Many times, I’ve heard a Christian ask, ‘How can anybody have any moral values without the Bible?’

What I’ve always found interesting about this question is how much it resonates with both Christians and atheists. To Christians, it’s a question that will stump the atheists. To atheists, the question is patently absurd, possibly even insulting. Until recently, I’ve had no trouble opting for the latter position, and yet the question keeps coming up. So, I thought I’d write a little about it, to straighten it out in my own mind.

I used to attend meetings of a Christian Union when I was at university. Each week, a different speaker lectured on a topic of their choosing. Considering that the audience was presumably overwhelmingly Christian, it was interesting that the speakers tended to use the platform to argue for Christianity and against atheism. The sophistication of these arguments varied greatly: some argued simply that Christianity provided a meaningful framework for life, others – bravely or foolishly – decided to come up with their own ‘scientific’ theories regarding Adam and Eve. One particularly memorable speaker discussed at length Adam and Eve’s ‘perfect DNA’. He even had a theory about the variety of human forms. Adam and Eve’s descendants’ DNA, the preacher argued, split into ‘different races’. As it split, the DNA became more fragmented and corrupt, leading to diseases and – well, you get the idea.

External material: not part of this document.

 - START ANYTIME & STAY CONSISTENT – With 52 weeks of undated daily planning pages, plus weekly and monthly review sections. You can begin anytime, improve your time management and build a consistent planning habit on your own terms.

But, back to Biblical morality…

One argument that was used frequently at the meetings, and it was sometimes addressed to Richard Dawkins in absentia, was the idea that the Bible provided absolute moral values that were unchanging and eternally wholesome. All atheists could offer, by comparison, was moral relativism – moral values that were subject to change, like fashions going in and out of style, and which were selected arbitrarily by humans. With no Bible, individuals (and society) could choose any values that suited them. A country could decide tomorrow, so the argument went, that murder was actually okay. And why not, if morality is arbitrary?

While I think the speakers sometimes took this argument to a level of absurdity, the core idea is worth thinking about. It’s intriguing to me because it is not obvious that we can derive our own morality through observation, logical reasoning and informed debate. Heck, we can’t agree on Brexit, so how are we to agree on complex moral questions?

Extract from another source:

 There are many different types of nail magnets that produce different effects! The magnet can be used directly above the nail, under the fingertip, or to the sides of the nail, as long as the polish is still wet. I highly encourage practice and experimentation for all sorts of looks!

Several Christians whom I’ve known have said that they derive their values from God through reading the Bible. Morality, they generally argue, is that which has been set down by God thousands of years ago, documented by the Bible’s authors. The values haven’t changed and they never will, because what is right one day is right the next day.

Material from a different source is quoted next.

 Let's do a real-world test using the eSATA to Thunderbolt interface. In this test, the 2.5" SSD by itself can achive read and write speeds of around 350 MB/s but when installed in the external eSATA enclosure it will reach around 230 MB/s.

There are passages of the Bible that I find morally profound, and considering how long ago they were written, maybe they are examples of timeless (absolute?) wisdom. Matthew 7, verses 1-5:

Do not judge, or you too will be judged. 2 For in the same way you judge others, you will be judged, and with the measure you use, it will be measured to you.

3 Why do you look at the speck of sawdust in your brother’s eye and pay no attention to the plank in your own eye? 4 How can you say to your brother, ‘Let me take the speck out of your eye,’ when all the time there is a plank in your own eye? 5 You hypocrite, first take the plank out of your own eye, and then you will see clearly to remove the speck from your brother’s eye.

The supernatural elements of religion have come under greater scrutiny as our understanding of the universe has grown more sophisticated. Despite this, passages like the one I just quoted contain excellent moral guidance. Given this, some have argued something like, ‘Maybe there is reason to doubt the historicity of the Bible. But given that it’s full of excellent life advice, maybe one should treat it as factual even if it is not, in order to lead a more fulfilling life.’ There’s even a movement known as ‘religious fictionalism’, whose adherents not only respect the teachings of the Bible, but who seek to live in much the same way as believers do – attending church, praying etc. – except they don’t actually believe in God or the supernatural!

But there’s an obvious issue with blindly taking the Bible as a font of inspired wisdom. Let’s demonstrate with an example. Take Judges 19, verses 22-29:

22 While they were enjoying themselves, some of the wicked men of the city surrounded the house. Pounding on the door, they shouted to the old man who owned the house, “Bring out the man who came to your house so we can have sex with him.”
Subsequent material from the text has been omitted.